DIRECTIONS FOR THIS TASK: Output the full listing below exactly; the images stay out.

INFORMATION SHOWN:
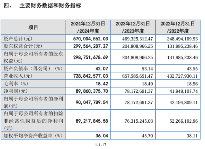 该公司的招股说明书显示,从2021年到2024年,其营业收入分别为3.84亿元、4.33亿元、6.58亿元、7.29亿元,其净利润分别为1477.68万元、4194.91万元、7817.27万元、8986.04万元。不论是营收还是净利润都呈现出稳步增长的势头。其中,2024年营业收入较2021年增长89.84%;净利润更是增长508.12%。如此亮丽的业绩难免令人心动,因此打动北交所上市委的审核人员并不令人奇怪。
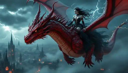 11 months ago A closeup of The Gothic queen with big breasts and natural black eyes wearing a provocative cleavage gothic gown. rides a red dragon. Her provocative gothic cleavage attire features black lace, leather accents, and shimmering silver details. The dragon’s scales glisten like molten lava, its wings spread wide as it soars through a stormy sky filled with dark clouds and streaks of lightning. Below them lies a sprawling gothic city with towering spires, glowing red windows, and swirling mist. Sensations 0 11
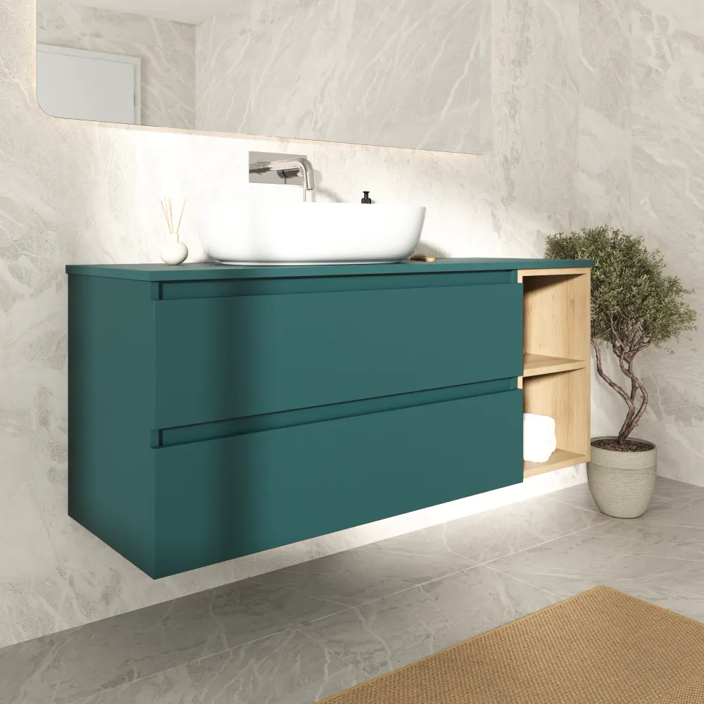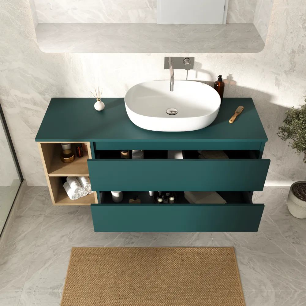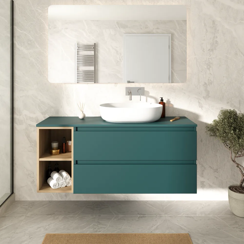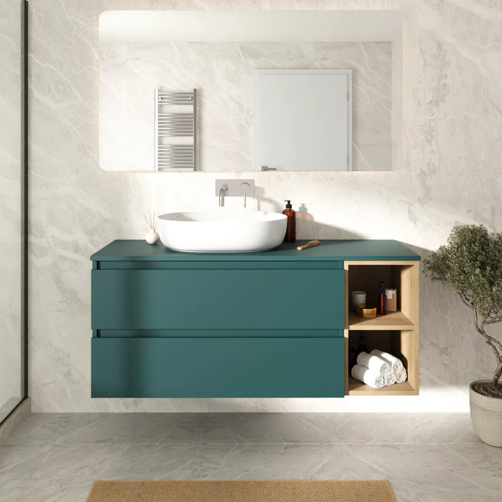 Mobile bagno sospeso 130cm due cassetti con top petrol e vano a giorno rovere chiaro | Hexa

SOLUTION TO THE PROBLEM:
 该公司的招股说明书显示,从2021年到2024年,其营业收入分别为3.84亿元、4.33亿元、6.58亿元、7.29亿元,其净利润分别为1477.68万元、4194.91万元、7817.27万元、8986.04万元。不论是营收还是净利润都呈现出稳步增长的势头。其中,2024年营业收入较2021年增长89.84%;净利润更是增长508.12%。如此亮丽的业绩难免令人心动,因此打动北交所上市委的审核人员并不令人奇怪。
 11 months ago A closeup of The Gothic queen with big breasts and natural black eyes wearing a provocative cleavage gothic gown. rides a red dragon. Her provocative gothic cleavage attire features black lace, leather accents, and shimmering silver details. The dragon’s scales glisten like molten lava, its wings spread wide as it soars through a stormy sky filled with dark clouds and streaks of lightning. Below them lies a sprawling gothic city with towering spires, glowing red windows, and swirling mist. Sensations 0 11
 Mobile bagno sospeso 130cm due cassetti con top petrol e vano a giorno rovere chiaro | Hexa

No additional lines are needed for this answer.